• RECORDS PROVIDED
'''
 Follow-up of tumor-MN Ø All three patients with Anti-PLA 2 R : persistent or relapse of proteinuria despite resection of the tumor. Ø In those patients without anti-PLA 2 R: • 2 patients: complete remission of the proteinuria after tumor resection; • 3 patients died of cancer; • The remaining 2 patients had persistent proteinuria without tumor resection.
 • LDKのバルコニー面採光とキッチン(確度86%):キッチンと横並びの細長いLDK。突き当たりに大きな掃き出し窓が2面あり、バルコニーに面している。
'''
'''
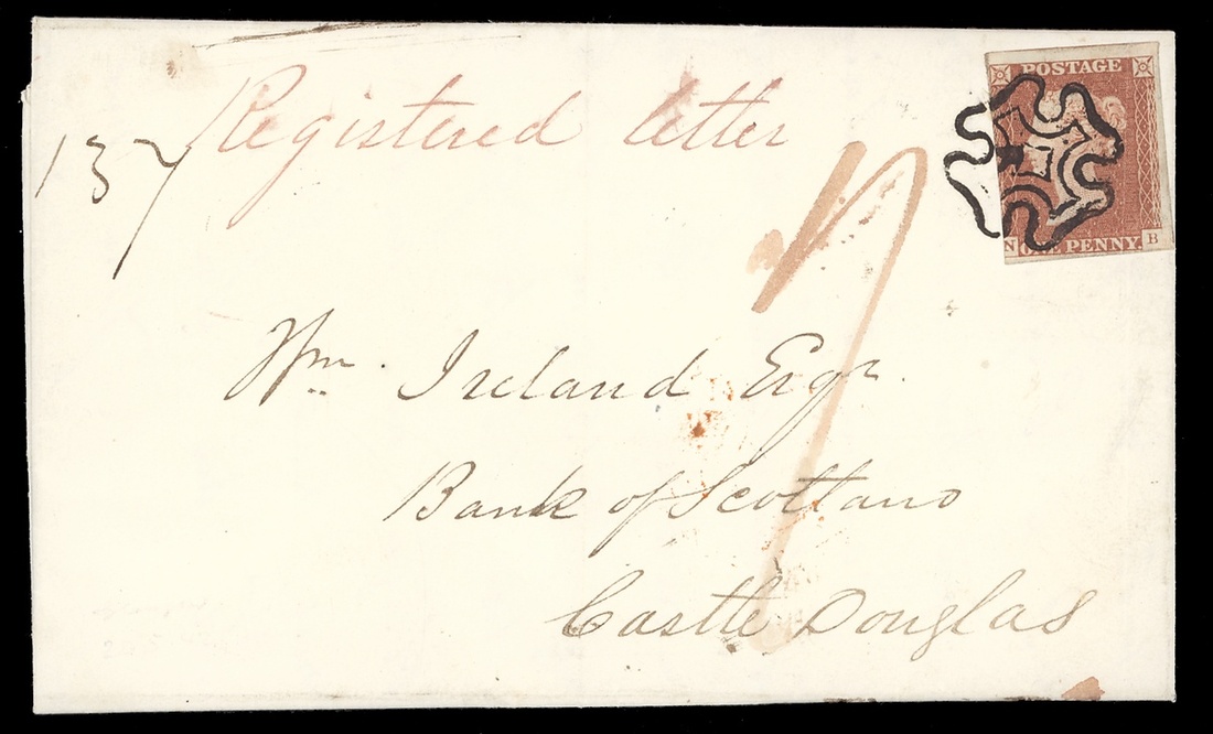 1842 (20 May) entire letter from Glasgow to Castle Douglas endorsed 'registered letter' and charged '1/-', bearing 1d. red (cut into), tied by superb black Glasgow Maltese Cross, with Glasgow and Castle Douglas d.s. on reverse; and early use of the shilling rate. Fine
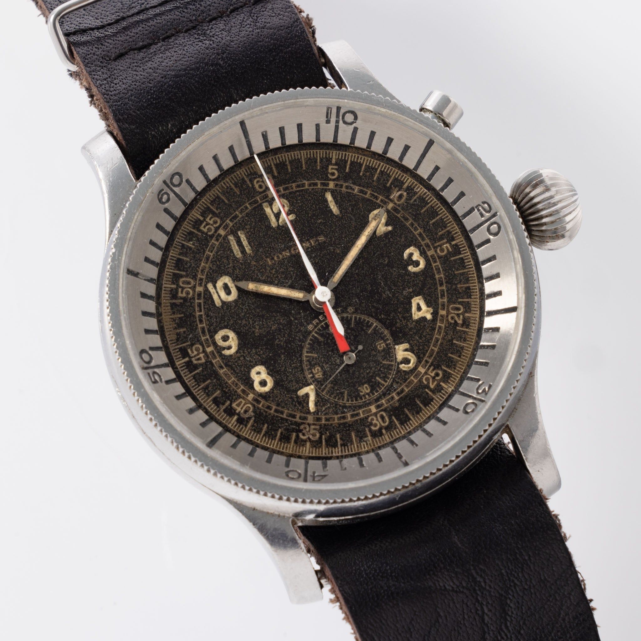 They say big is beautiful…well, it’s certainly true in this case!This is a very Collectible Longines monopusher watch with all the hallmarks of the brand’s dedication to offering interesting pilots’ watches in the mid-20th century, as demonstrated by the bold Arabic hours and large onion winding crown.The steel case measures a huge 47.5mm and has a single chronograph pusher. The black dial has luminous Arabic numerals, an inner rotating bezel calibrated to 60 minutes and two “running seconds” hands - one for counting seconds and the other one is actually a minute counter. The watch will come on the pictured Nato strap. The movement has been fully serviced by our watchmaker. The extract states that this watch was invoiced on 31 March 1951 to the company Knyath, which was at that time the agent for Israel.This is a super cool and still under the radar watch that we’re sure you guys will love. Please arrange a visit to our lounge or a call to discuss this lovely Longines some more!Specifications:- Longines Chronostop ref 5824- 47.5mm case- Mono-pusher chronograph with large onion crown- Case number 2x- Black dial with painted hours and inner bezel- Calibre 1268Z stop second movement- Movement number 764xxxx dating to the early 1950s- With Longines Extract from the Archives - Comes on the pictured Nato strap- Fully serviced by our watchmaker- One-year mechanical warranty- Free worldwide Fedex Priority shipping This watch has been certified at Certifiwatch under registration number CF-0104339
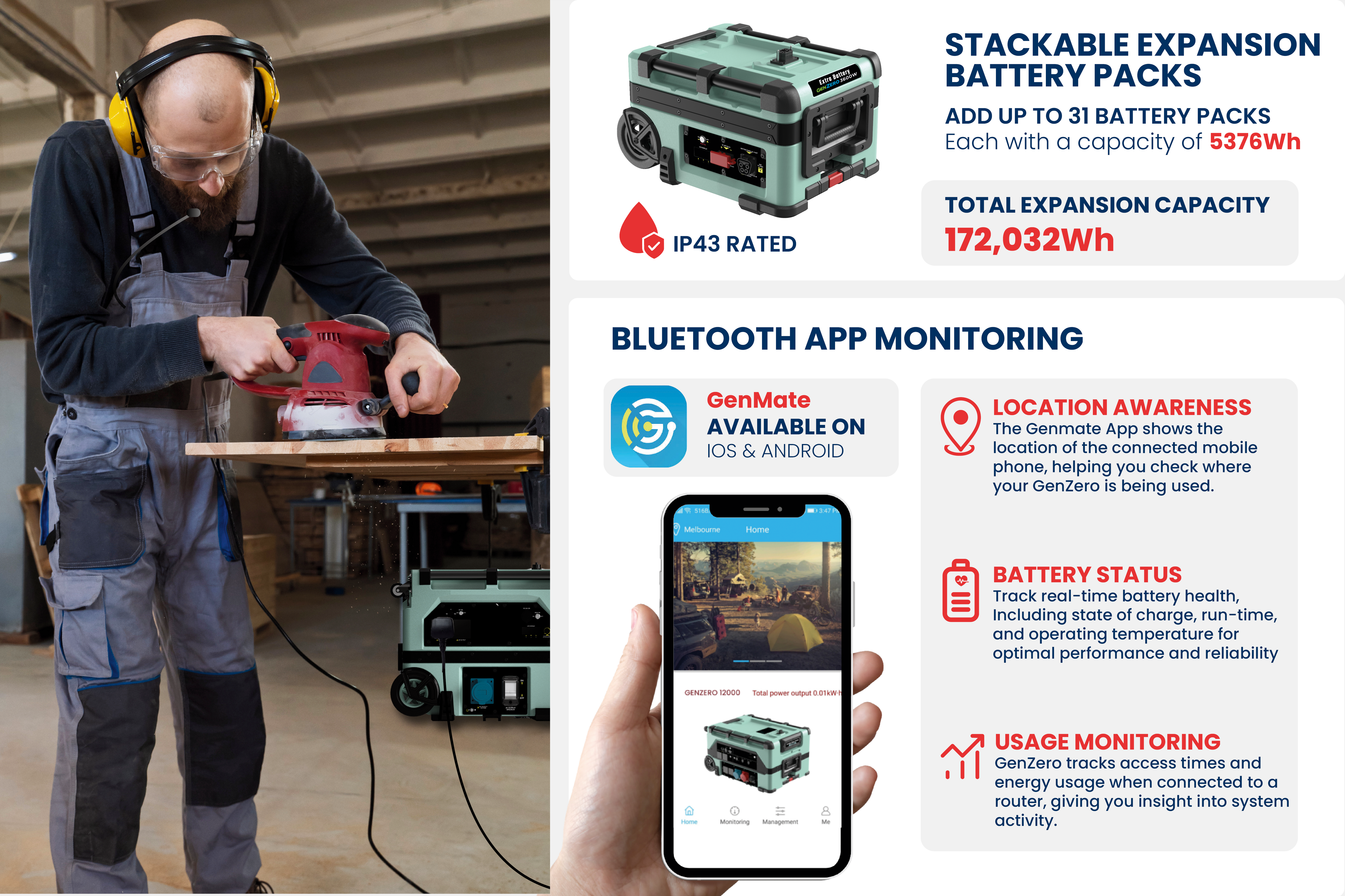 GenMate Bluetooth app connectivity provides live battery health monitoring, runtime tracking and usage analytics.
'''
'''
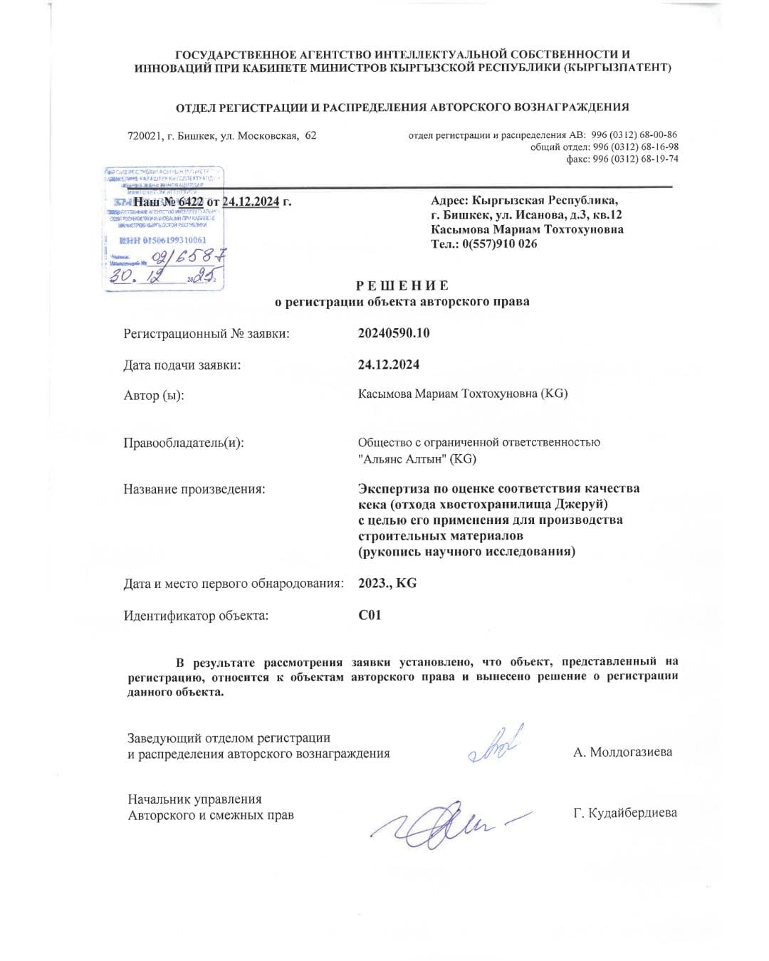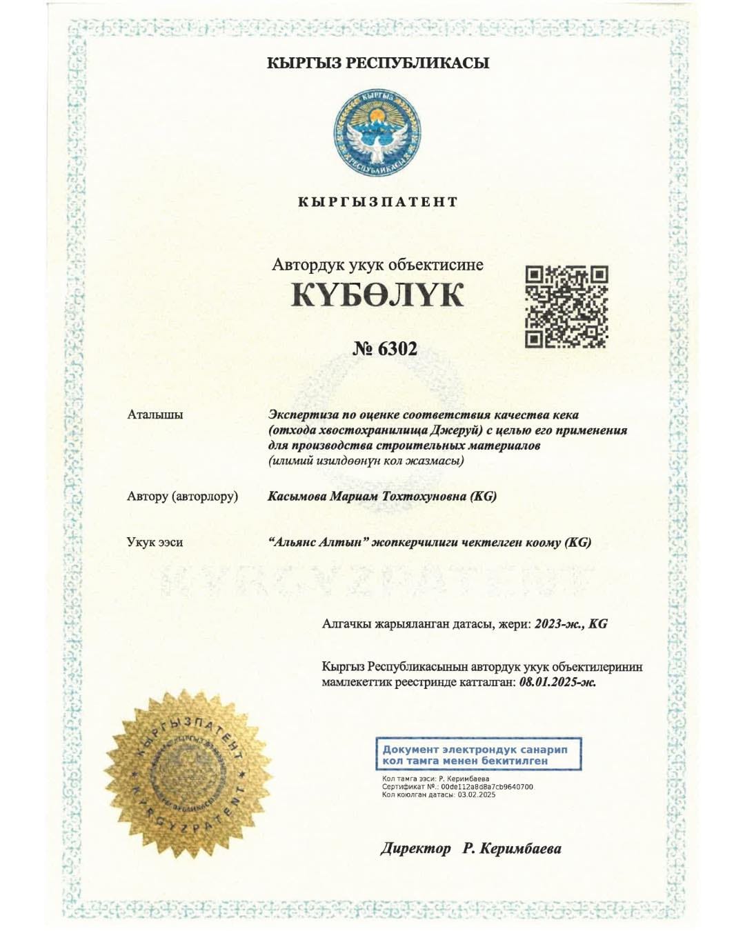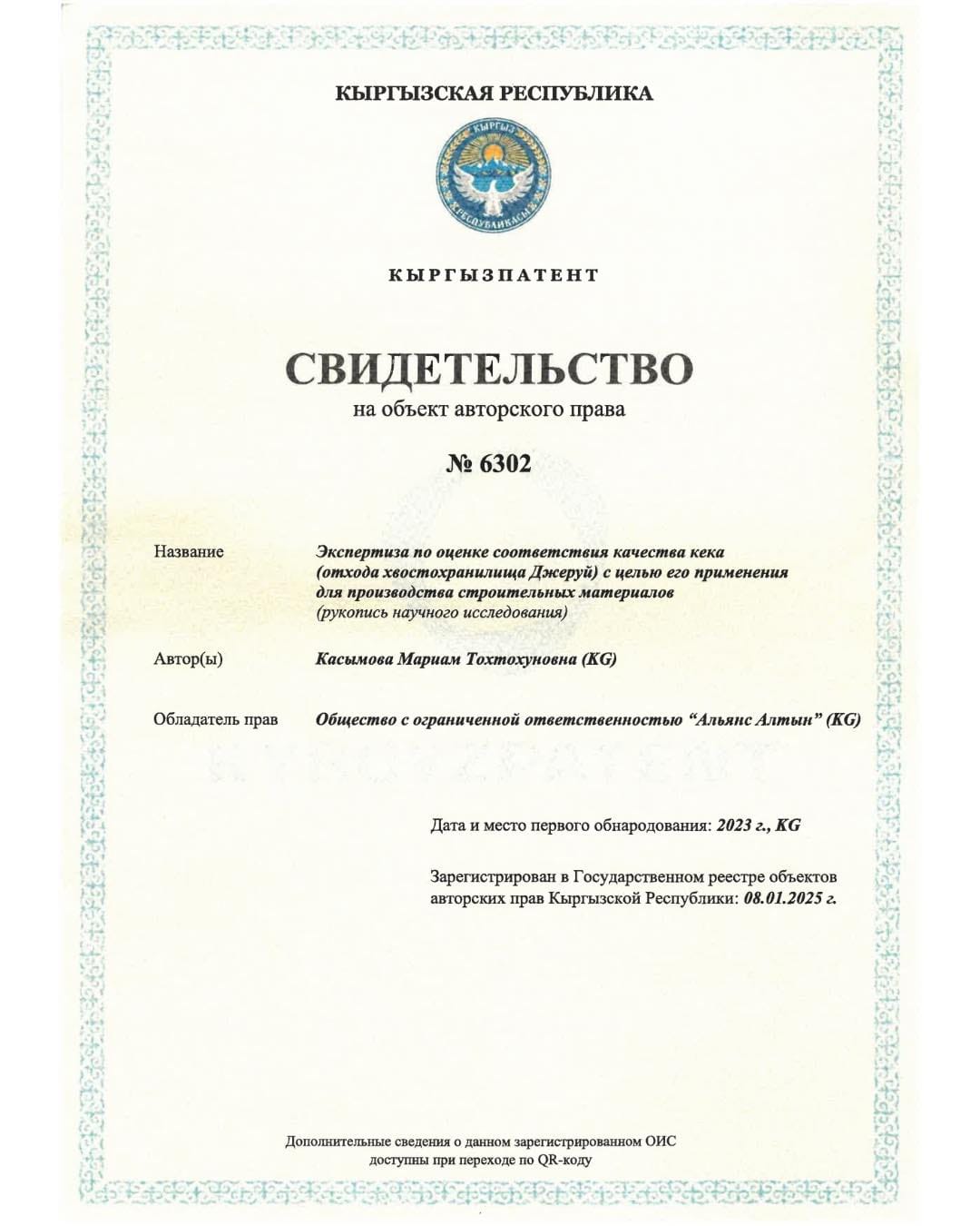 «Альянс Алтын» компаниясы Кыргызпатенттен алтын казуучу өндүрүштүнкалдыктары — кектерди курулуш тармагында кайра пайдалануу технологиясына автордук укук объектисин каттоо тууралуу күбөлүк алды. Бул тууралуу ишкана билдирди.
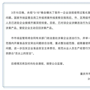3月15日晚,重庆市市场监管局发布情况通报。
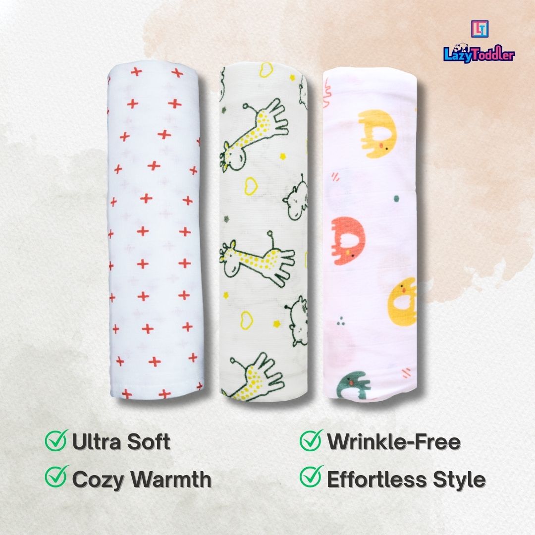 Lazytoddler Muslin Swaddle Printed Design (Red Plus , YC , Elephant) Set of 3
'''
• TASK STATEMENT
The copy should hold only the lines from the one with "тууралуу ишкана билдирди." through the one with "Lazytoddler Muslin Swaddle", exactly as they stand above. Leave out the pictures.

• OUTPUT FOR THIS TASK
 «Альянс Алтын» компаниясы Кыргызпатенттен алтын казуучу өндүрүштүнкалдыктары — кектерди курулуш тармагында кайра пайдалануу технологиясына автордук укук объектисин каттоо тууралуу күбөлүк алды. Бул тууралуу ишкана билдирди.
3月15日晚,重庆市市场监管局发布情况通报。
 Lazytoddler Muslin Swaddle Printed Design (Red Plus , YC , Elephant) Set of 3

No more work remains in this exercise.